By Emmanuel Doy Santos
Who would have thought that 36 years after the EDSA ‘People Power’ revolution of 1986, we would face another election where the leading candidates include one Ferdinand Marcos, Jr. and a widow, turned politician aligned with the Aquinos?
Having lived through Martial Law, I cannot really fathom what is unfolding. Within what I thought was my own circle of tight knit friends, bonds that have lasted decades have ended. People have left our group because they can’t stand the rhetoric of some of its members. Friends whom I had never known to be political are now quite vocal about their views and are judging those who don’t share them.
I’ve never really seen such partisanship before. People are taking their politics in such a deeply personal manner, the way they treat religion. I mean, if anyone should take it that way it ought to be me. My late father Emmanuel Noli Santos was a bona fide EDSA figure.
Having campaigned for Ferdinand Sr in 1961 and gotten Imelda as a sponsor at his wedding in 1967, he turned when Marcos declared Martial Law in 1972. Having sponsored the bill of political, social and economic rights in the Con-Con, as well as the provisions setting up the Ombudsman, he realized that he needed to take a stand.

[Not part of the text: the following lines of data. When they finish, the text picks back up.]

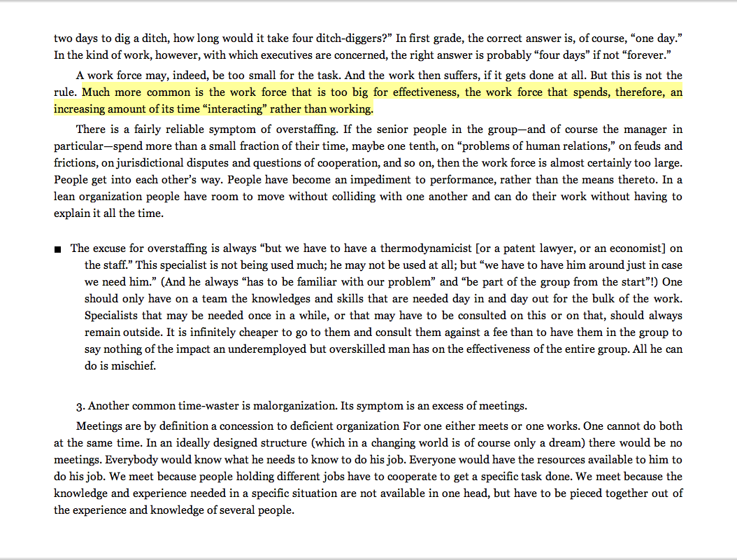 “Much more common is the work force that is too big for effectiveness, the work force that spends, therefore, an increasing amount of its time ‘interacting’ rather than working.”
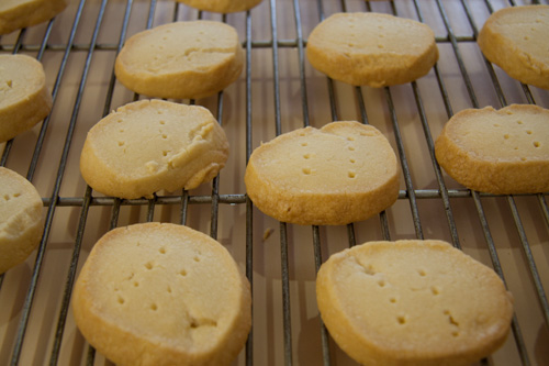 This is my mum’s recipe. Â Thanks mum! Â I think it makes the BEST shortbread. Â It is very simple and you can make the dough and refrigerate it or freeze it for later. Â The smell of it cooking is divine. Â Warning- you can’t stop at just one piece!
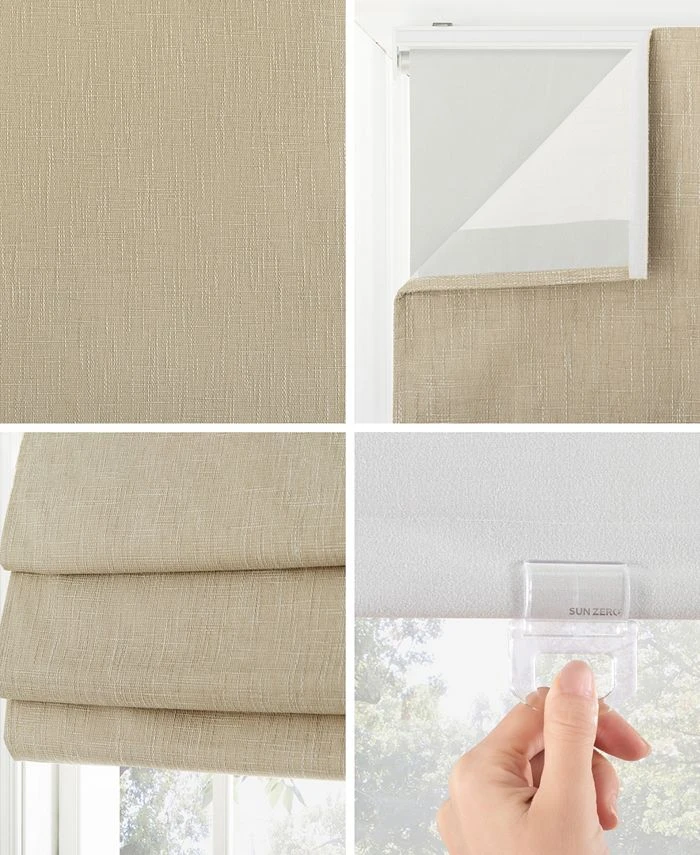 - Textured fabric with Sun Zero Total Blackout technology blocks out 100 percent of outside light
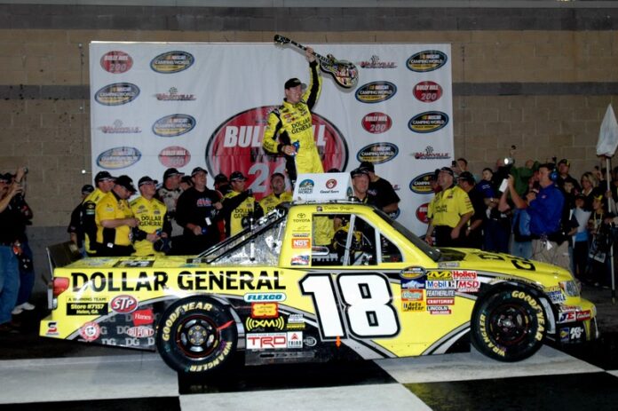 Kyle Busch won the Bully Hill Vineyards 200 in dominating fashion, leading 140 out of 150 laps en route to his team’s third Camping World Truck Series victory in five races in the 2011 campaign, along with his second straight victory in sponsor Dollar General’s backyard. “It was a really good race.” said an ecstatic Kyle Busch. “The guys at the shop did a great job and brought a great piece of equipment out here to the track. The clean air really helped us out most of the race and with about ten to go, Hornaday got a jump on us on the restart and got along-side of our spoiler and took a little air off of me and got around us, but we got a caution and we thought we were in a good position on the restart. So we did the same thing that Hornaday did on the previous restart and we got a good run on him in turns one and two and sailed by him in turn three. It would have been a shame had we lost today. The guys worked so hard, and our pit-stops were great and we wored really hard to come away with the win.”
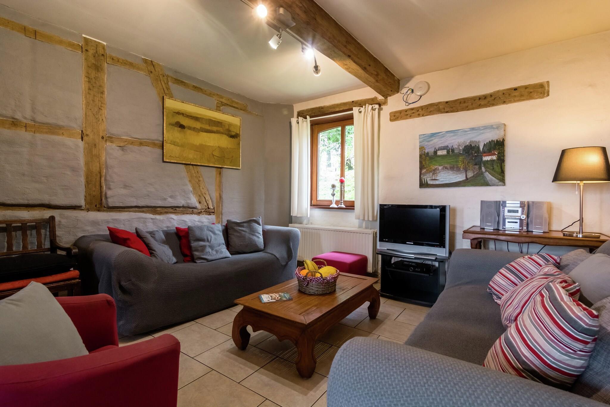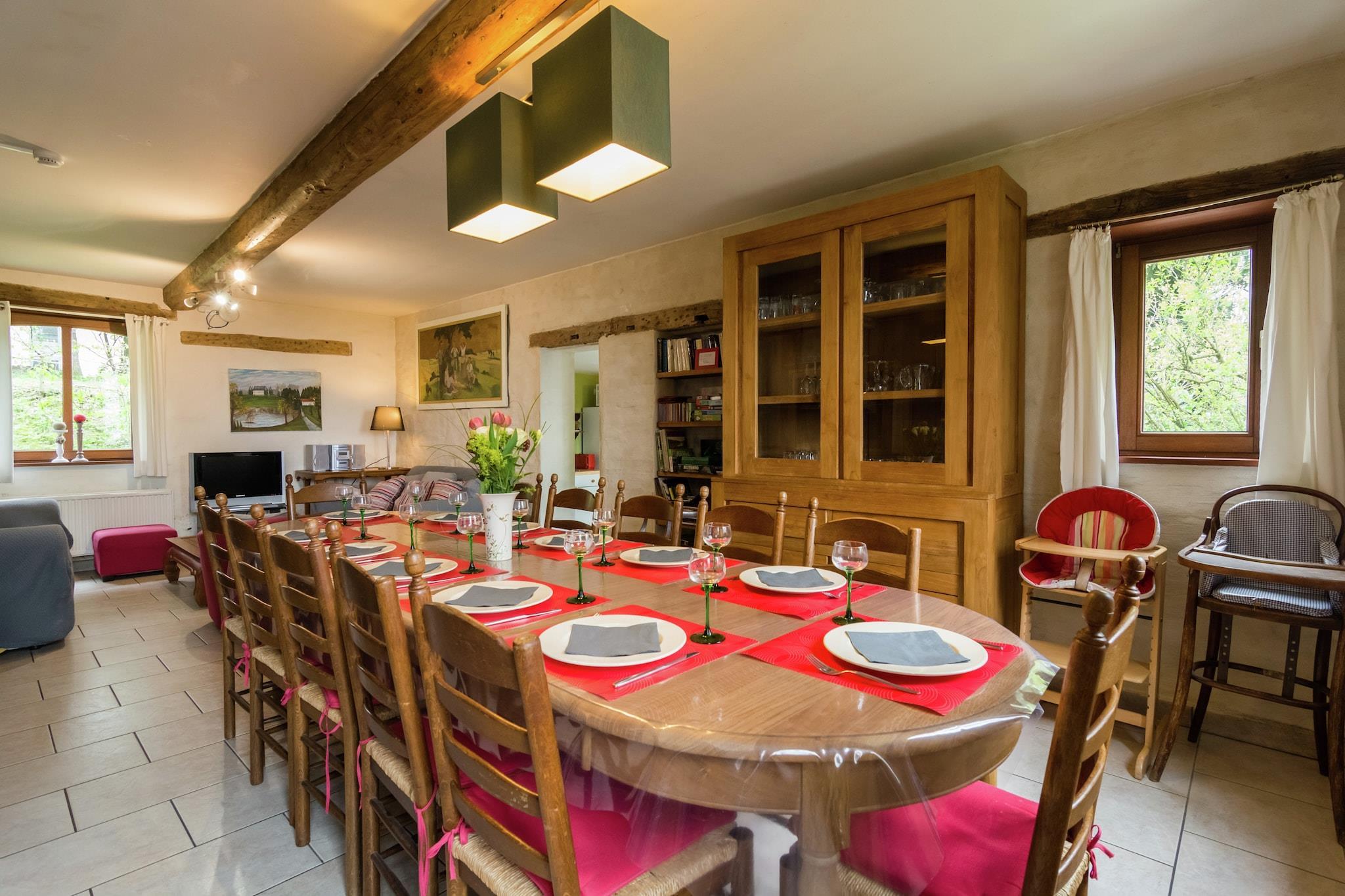 Denne gård er blevet fuldstændig renoveret og er perfekt til en familieferie. Det er centralt beliggende mellem Dinant og Rochefort. Den smagfuldt indrettede stue har et hyggeligt opholdsområde og et stort spisebord med plads til 12 personer. Der er selvfølgelig et stort fuldt udstyret køkken. Soveværelserne er rummelige, der er 2 badeværelser, en af dem med badekar. Der er også et legerum med masser af legetøj til de små. De kan have det sjovt i timevis. Der er også nogle legepladsudstyr i haven. Terrassen med havemøbler og grill har en smuk udsigt over Condrozs bølgende landskab. Denne smukke ejendom løber ind i fritidsområdet Ghevetogne, 500 meter væk. Dette rekreative område er perfekt til en dejlig tur, du kan besøge temahagerne, gå på kano, svømme, spille tennis eller nyde en runde minigolf. Der er også cafeterier og restauranter. Du kan se en byzantinsk kirke, der ligger 1 km fra huset og landsbyen Ciney 6 km væk. Det er centralt beliggende, 18 km fra Dinant og 20 km fra Rochefort. Vores feriehuse er specielt indrettet til at rumme familier.
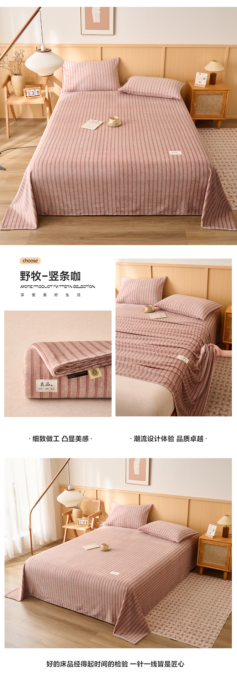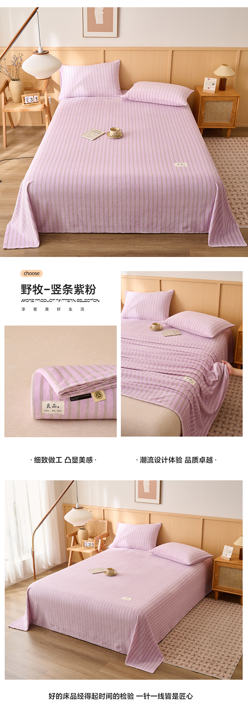 • 91家纺网 家纺一手货源 找家纺 早晨家纺 2025新款野牧款高克重牛奶绒印花单床单系列 野牧-竖条紫粉
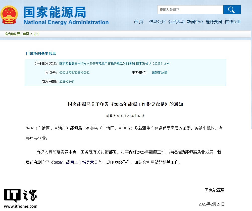 IT之家 2 月 27 日消息,国家能源局今日印发《2025 年能源工作指导意见》,提出了 2025 年能源工作的主要目标,IT之家总结重点如下:
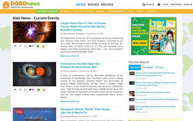 DOGOnews articles are blog packets, they are short and concise, written in style suitable for children to understand core and complex subjects. They are accompanied by images and provide a daily update of data for parents, teachers, and children to share, understand and enjoy.
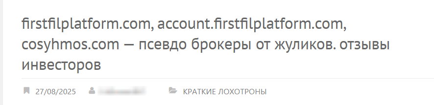 Других отзывов о account firstfilplatform com в сети нет, что кажется подозрительным. Компания брокера не обсуждается на форумах, о ней нет дополнительных сведений. Нам удалось обнаружить только обзоры на проект, в которых авторы связывают организацию с мошенничеством.
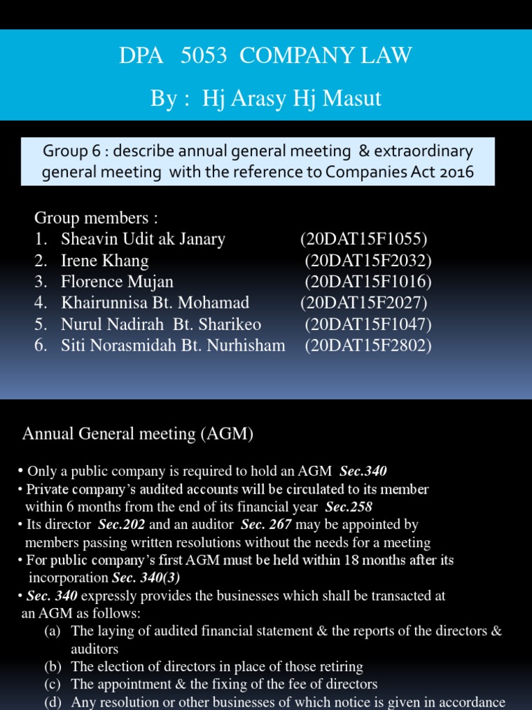 The Malaysian Companies Act 2016 from image.slidesharecdn.com Annual general meetings help members understand the company's rate of growth and potential for improvement. Upon incorporation, a company shall have full capacity to carry on or undertake any business or activity, do any lawful act and do or enter into transactions (section 21 ca 2016). Stipulated time for annual general meeting section 96(1) of the 2013 act the registrar of companies has been empowered by the act itself and he is also bound by the restriction, that the extension can be granted only when there is any persistence of some special reason. The dividend shall be paid to shareholders who on the record date for the dividend payment, 29 march 2016, are recorded in the company's. Prior to joining spicers, he notice of meeting 2012 agm unity mining limited abn 61 005 674 073 notice is given that the 2012 annual general meeting of unity mining limited. The companies act 2016 (ca 2016) repealed the companies act 1965 (ca 1965) and changed the landscape of company law in malaysia. Please state name, personal id, address, telephone no. An annual general meeting (agm, also known as the annual meeting) is a meeting of the general membership of an organization.

He decided to throw his hat in the ring in 1978. He co-founded the political party Lakas ng Bayan (LABAN) and ran with Ninoy Aquino. They contested seats for the national capital region in the Interim Batasan Pambansa elections and faced off with his ninang Imelda and her KBL slate.
My father together with his crew helped engineer the noise barrage that swept the capital prior to election day. He and many others considered this to be the first battle cry of EDSA (see ‘Laban ’78 to EDSA ’86, April 23, 2016).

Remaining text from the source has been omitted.